Exercise prompt: For this exercise, return exactly the lines of the material below that begin at the one with "Parfaite pour une" and stop after the one with "一、考官对于系统操作不熟悉:由于此次考试".

===== Records shown

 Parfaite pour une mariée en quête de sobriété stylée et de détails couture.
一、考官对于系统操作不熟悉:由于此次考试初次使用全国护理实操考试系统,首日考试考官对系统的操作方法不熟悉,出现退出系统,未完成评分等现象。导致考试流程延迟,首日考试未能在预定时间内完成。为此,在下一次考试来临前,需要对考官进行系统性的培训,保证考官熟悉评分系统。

==========
===== Records shown

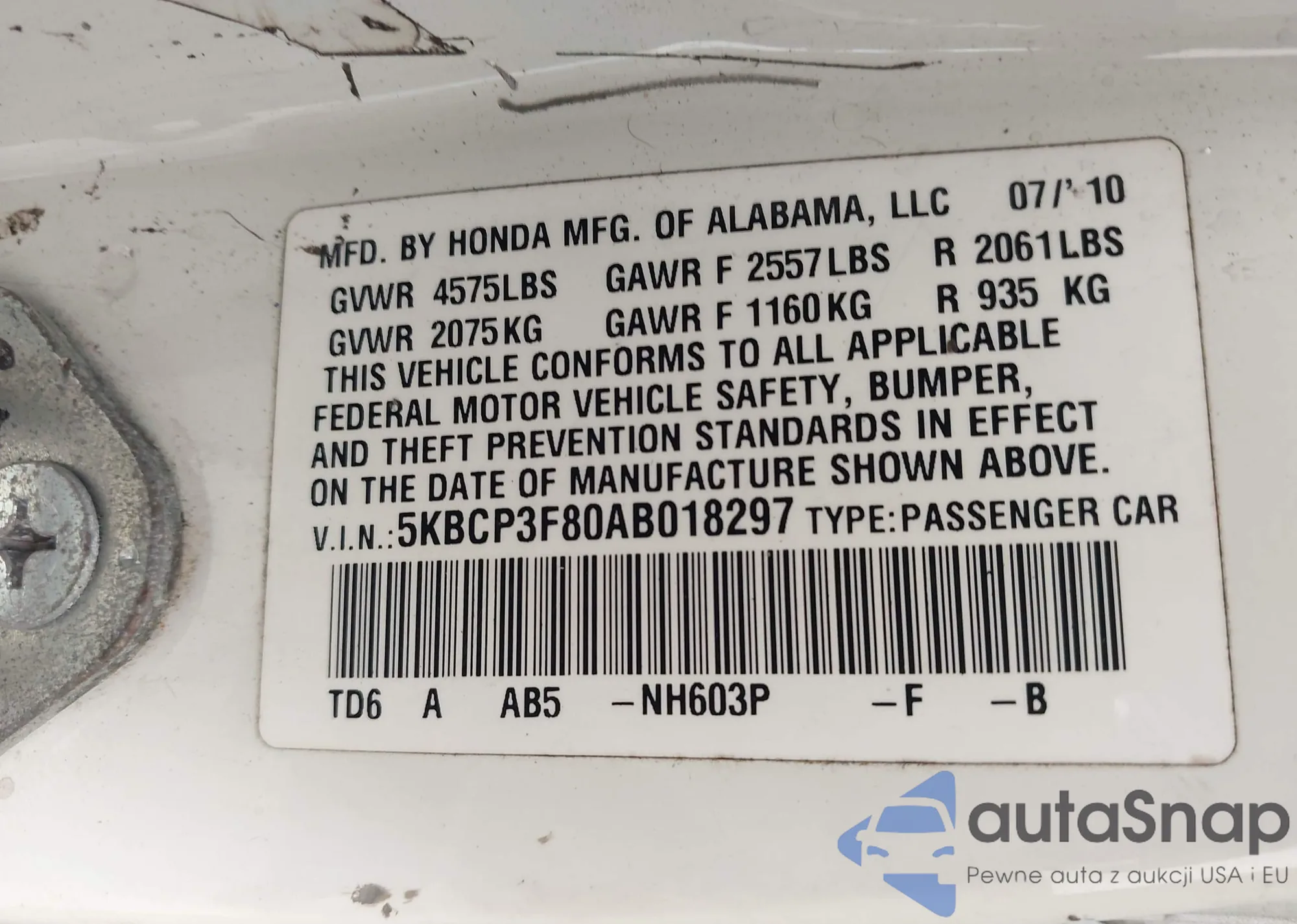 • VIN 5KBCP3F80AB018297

==========

Exercise response:
 Parfaite pour une mariée en quête de sobriété stylée et de détails couture.
一、考官对于系统操作不熟悉:由于此次考试初次使用全国护理实操考试系统,首日考试考官对系统的操作方法不熟悉,出现退出系统,未完成评分等现象。导致考试流程延迟,首日考试未能在预定时间内完成。为此,在下一次考试来临前,需要对考官进行系统性的培训,保证考官熟悉评分系统。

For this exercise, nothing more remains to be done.